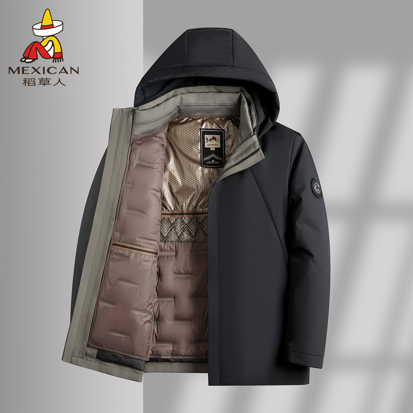 稻草人鹅绒派克服男冬季中老年
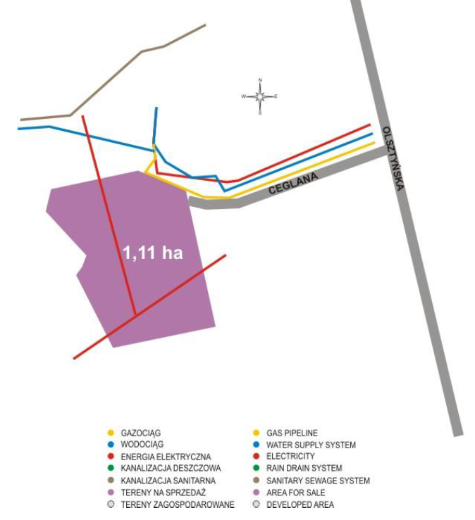 | Access road to the plot (type and width of access road) | Olsztyńska street with bituminous pavement: 9 m | ||
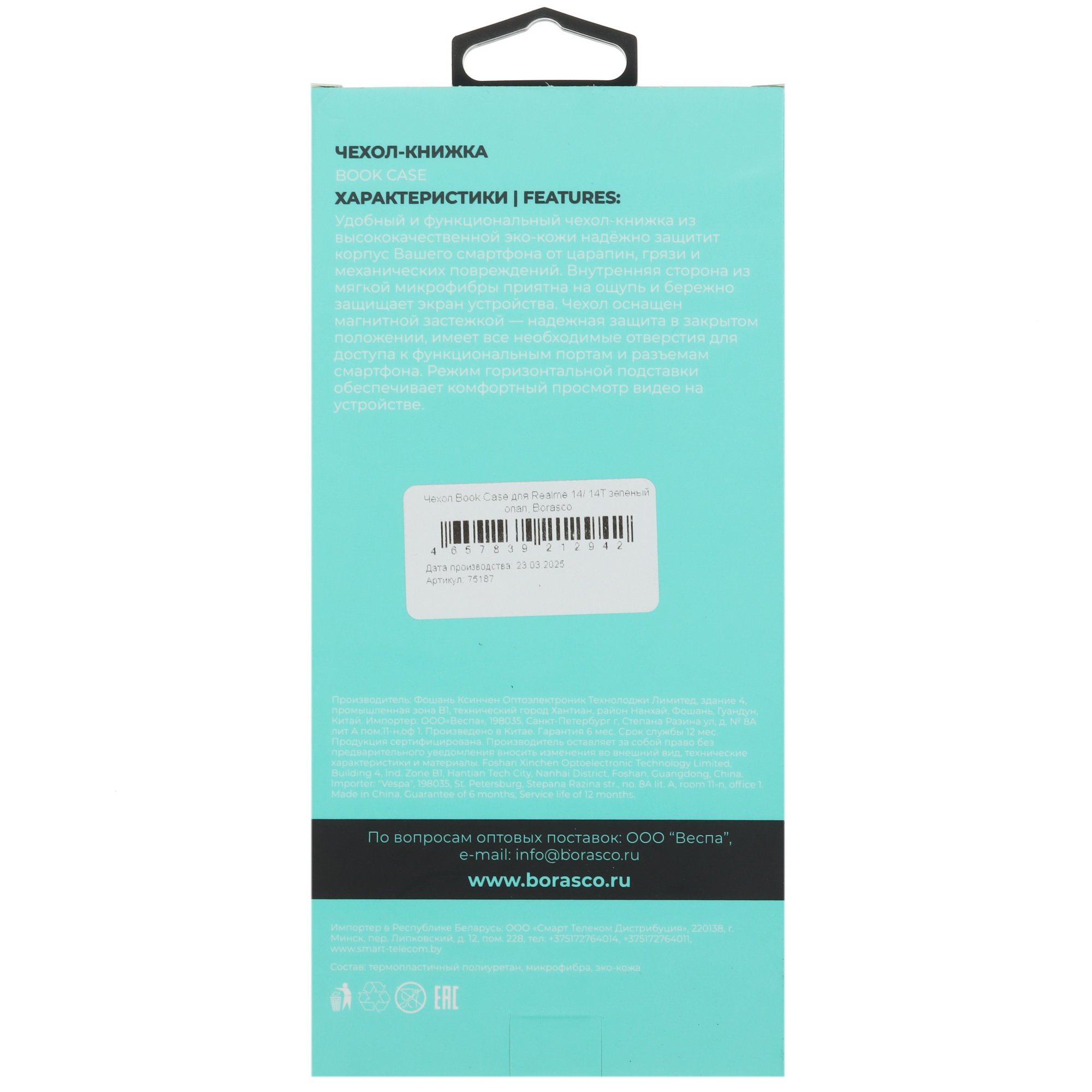 Зеленый чехол-книжка BoraSCO для realme 14/ 14T с магнитной застежкой защищает обе стороны смартфона от повреждений при несильных падениях и попадания на поверхность пыли или загрязнений. Чехол подходит для смартфонов моделей 14 и 14T от бренда realme.

- _WHAT THE EXERCISE ASKS_
Set down the complete material exactly, but do not include the images.

- _PROBLEM SOLUTION_
 稻草人鹅绒派克服男冬季中老年
 | Access road to the plot (type and width of access road) | Olsztyńska street with bituminous pavement: 9 m | ||
 Зеленый чехол-книжка BoraSCO для realme 14/ 14T с магнитной застежкой защищает обе стороны смартфона от повреждений при несильных падениях и попадания на поверхность пыли или загрязнений. Чехол подходит для смартфонов моделей 14 и 14T от бренда realme.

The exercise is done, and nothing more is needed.